O dinheiro voltou a dar alguns sinais de apetite pela Bolsa brasileira, mas o investidor local ainda parece preferir o conforto da renda fixa. Segundo relatório “Brazil: Follow the Money”, do BTG Pactual (BPAC11), os aportes de estrangeiros em ações brasileiras somam R$ 38,6 bilhões em 2026.
O número mostra uma melhora importante em relação a 2024, quando houve saída líquida de R$ 32,1 bilhões. Ainda assim, o movimento perdeu força depois de abril, com resgates em maio e junho, antes de uma nova entrada em julho.
Em julho, o fluxo estrangeiro para ações brasileiras aparece positivo em R$ 4,7 bilhões, segundo dados da B3 (B3SA3) e da Bloomberg compilados pelo BTG.

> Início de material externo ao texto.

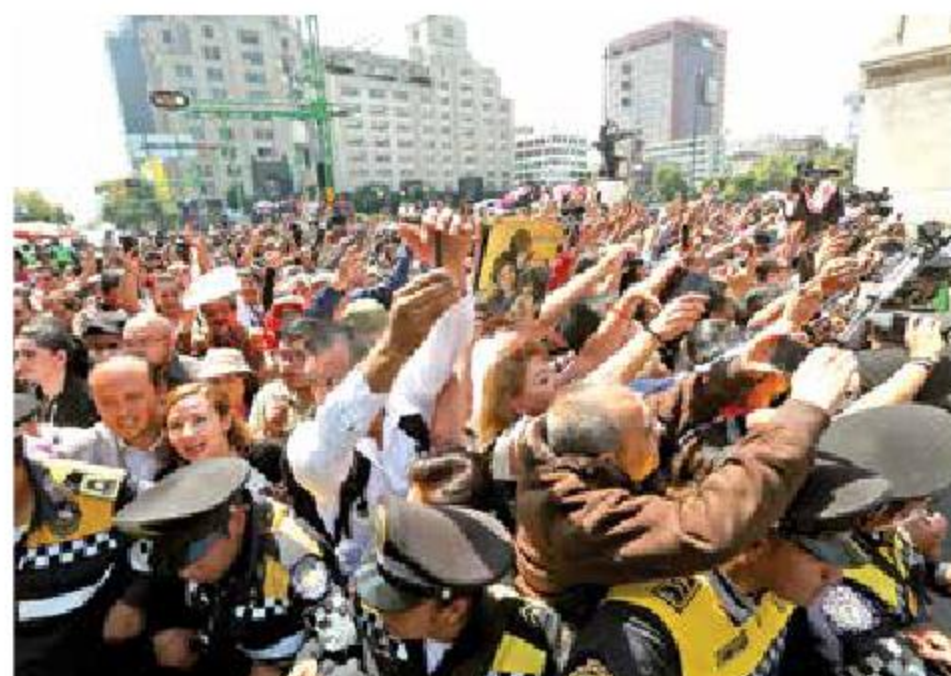
La gente esperó horas para entrar al recinto y despedirse del intérprete. Al final, cuando se cerraron las puertas se generó el caos.

Principais indicadores do relatório
O volume financeiro médio negociado na Bolsa também subiu. O ADTV da Bovespa está em R$ 23,7 bilhões em julho, alta de 16% em relação ao mesmo período do ano passado.
Do lado dos fundos locais, porém, a recuperação ainda é limitada. Os fundos de ações têm R$ 677 bilhões sob gestão em julho, mas seguem com saída líquida de R$ 6,3 bilhões no acumulado de 2026.
A renda fixa continua liderando a captação. Os fundos da categoria somam entrada líquida de R$ 148,4 bilhões no ano e têm R$ 4,76 trilhões sob gestão.
Os fundos multimercados também continuam pressionados, com resgate líquido de R$ 11,7 bilhões em 2026. A indústria tem R$ 1,55 trilhão em patrimônio, abaixo do pico recente.
Outro dado que chama atenção é a participação dos investidores estrangeiros no volume negociado. Em 2026, eles respondem por 45,01% do giro da Bolsa, enquanto os institucionais locais ficam com 31,47% e as pessoas físicas, com 19,00%.
O relatório também mostra que a alocação de estrangeiros em Brasil segue em níveis baixos. Em maio, os fundos globais de mercados emergentes tinham 5,76% alocados em ações brasileiras, abaixo dos 7,59% registrados em março.
No mercado de IPOs, a fotografia segue dura. Entre as empresas que abriram capital desde 2021, Orizon (ORVR3) e Caixa Seguridade (CXSE3) aparecem entre os melhores desempenhos, com altas de 232% e 130%, respectivamente. Na outra ponta, Grupo Toky (TOKY3), Westwing (WEST3), Viveo (VVEO3), Dotz (DOTZ3), Oncoclínicas (ONCO3) e Raízen (RAIZ4) acumulam quedas próximas ou superiores a 96%.
Para a Bolsa brasileira, o retrato do BTG mostra uma melhora no fluxo estrangeiro e no volume negociado, mas ainda sem uma virada clara do investidor local para ações, enquanto a renda fixa continua concentrando a maior parte do dinheiro novo.